Human-in-the-loop (HITL) is the governance mechanism that determines where humans remain in the decision chain. Human-in-the-loop controls in agentic systems are mandatory for high-consequence actions: filing a Suspicious Activity Report (SAR), blocking a customer account, or making a credit decision. For lower-stakes triage and investigation tasks, fully autonomous operation is increasingly acceptable to regulators, provided the audit trail is complete and the escalation logic is documented before deployment.

Explainability is the requirement that a system can articulate why it took each action in terms a human reviewer can evaluate. For agentic systems, this is harder than for single-step models because the explanation must cover the full decision chain. Explainability in agentic contexts means step-by-step rationale, not just a feature importance score on the final output.

AI governance is the policy and control framework that sets rules for how AI systems are deployed, monitored, and retired. For agentic AI, governance frameworks must address autonomy boundaries, escalation logic, and model validation at the system level rather than just the component level. The NIST AI Risk Management Framework provides the most widely used reference structure for this in financial services.

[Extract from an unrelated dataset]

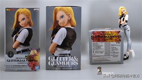 闪耀魅力想来是一弹两款,用不同的配色方案来贴合动画或漫画中的原画,而一般来说,B款都偏向走的是异色款。对于这款休闲装的人造人18号,阿随君可能是比较少的单买一款却选B款的了,哈哈哈,灰色裤子和白色袜子是她的主要特点和区别点。这从盒子封绘上就一目了然了。盒子嘛,也是闪耀魅力系列一贯的风格了,官拍图配上盛开的花朵,寓意明显,简单明了。开盒后,手办被分成了上半身、下半身和脚桩三部分,非常容易组装,而且这次的脚桩也比较小巧,对摆放空间很友好了。

AI risk management covers the identification, measurement, and control of risks that agentic AI introduces: operational failures, model bias, security vulnerabilities, and accountability gaps. Agentic systems require risk management frameworks that account for multi-step failure modes. A single-prediction model either gets the answer right or wrong. An agentic system can get nine steps right and one step wrong in a way that invalidates the entire output, which is a different category of failure that standard model risk frameworks weren't designed to catch.

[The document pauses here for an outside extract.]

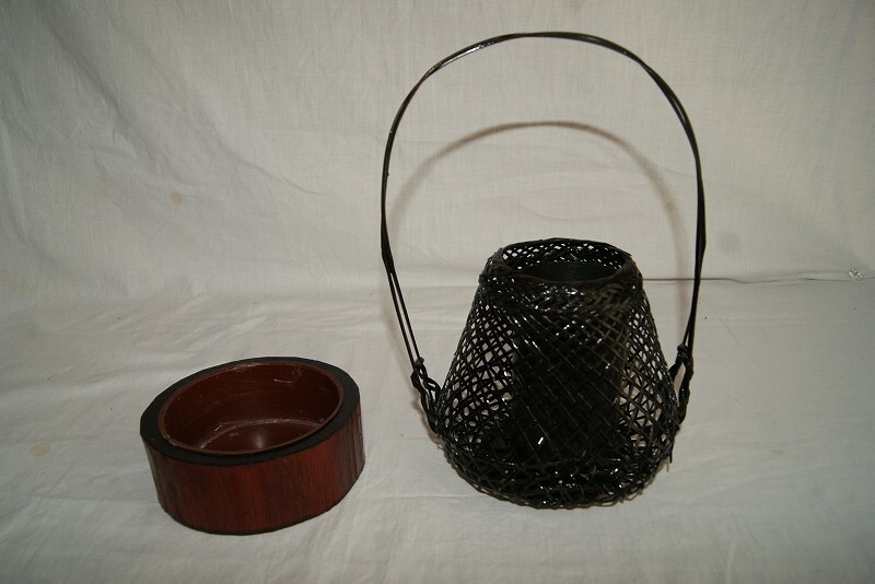 - A816★花入れ籠黒竹手元付・高さ24cm・竹製ミニ水盤落とし付サイズ深さ4.5cm×口幅11cm-12cm*まとめて2点

Where does the term come from?

The word "agentic" derives from "agent," from the Latin agens (acting, doing). In computer science, "software agent" became standard in the 1990s. Wooldridge and Jennings (1995) defined autonomous agents in their foundational paper in The Knowledge Engineering Review, establishing the vocabulary that later generations of AI researchers inherited. The compound term "agentic AI" gained traction in the early 2020s as large language models acquired tool-use and planning capabilities. The NIST AI Risk Management Framework (2023) formalized "agentic AI systems" as a distinct governance category, and the EU AI Act (2024) embedded autonomous decision-making AI in binding regulatory language.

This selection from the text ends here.